In the diagram above, the data model and business model are in synch until t3, at which point the business model changes dramatically.  Entities that had been in the business model have been replaced by new entities and relationships, and the business model is no longer reflected in the data model.

Sudden failure may also be conscious or unconscious.  An organization may buy an application to manage a relationship, unaware that the new application needs integration into the data warehouse to support reporting.  This scenario happens so often and with such hilarious impacts on projects it probably needs no further elaboration, but just in case: Any time there's a new communication process with customers that might have two or more options, for the results of that process to be reported some integration with the rest of the org's reporting system needs to be done.  Its very often the case that go-getter product managers, for example, will hire a SAAS application to collect data on a specific customer interaction only to discover much later that (a) the data collected from the application hasn't been made available to the DW people for integration, and often (b) there's no automated way to extract the data from the SAAS application so that it can be integrated.  (Its never been clear to me why someone would build a SAAS application that restricts its reporting to manual intervention, via an interface that only a developer's mother would claim to love, but this happens so often I must be missing something.)  In such a case the product manager has unwittingly created a Sudden failure in semantic debt: Where the DW had previously been able to report on acknowledged processes, the new process creates semantic assets which are inaccessible to the reporting system.

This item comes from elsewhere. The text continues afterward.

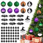 68pcs Christmas Tree Ornaments,Shatterproof Halloween Christmas Tree Decorations Hanging Ball Ornaments Set with Bat and Witch Decor for Party Indoor Home Decor

In such cases Sudden failure may be recognized for what it is, and handled with the kind of jury-rigged, scotch-tape-and-spit approach that can survive for years as long as no one makes any further changes (or the SAAS product doesn't go out of business).  Likely most of the high-drama cases of Sudden failure you find in the wild are these kinds of new process- or product-introduction situations, where there's an assumption that communication has happened when it hasn't, or that the DW or Integration team will be able to pull a rabbit out of a hat.

Sudden failures also occur often in the ongoing process of software development.  Consider the extremely prevalent practice in software teams - teams without strong training in data governance - of tacking fields onto the right side of a database table to store additional attributes, without thought for how those fields might impact the grain of the table, or again whether the DW team has been informed the fields exist.  This happens more often with developers who've rejected relational databases for the perceived speed and efficiency of NoSQL systems, but the thinking is pretty much the same in either case.  First, the cardinality of those new fields may require some kind of normalization - even in a document-oriented model - that argues for a new table, object or whatever the local "container" concept is.  And without that normalization, queries against the table to collect either the new data, the old data or the new data in combination with the old data become significantly more complex.  Old queries may require a whole lot of revision, to the point where something downstream breaks and the relevant VP suddenly becomes aware of the concept of "technical debt."  More often the new fields are simply not exposed to the Integration team, and while downstream users believe the data should be available they can't see it.  Integrating new fields into the DW requires an impact analysis.  Sometimes the new fields can be tacked on as easily at the target as they were at the source, but if the target is a multi-terabyte fact table (or its equivalent in  Hadoop) then the refresh process can be onerous and lengthy.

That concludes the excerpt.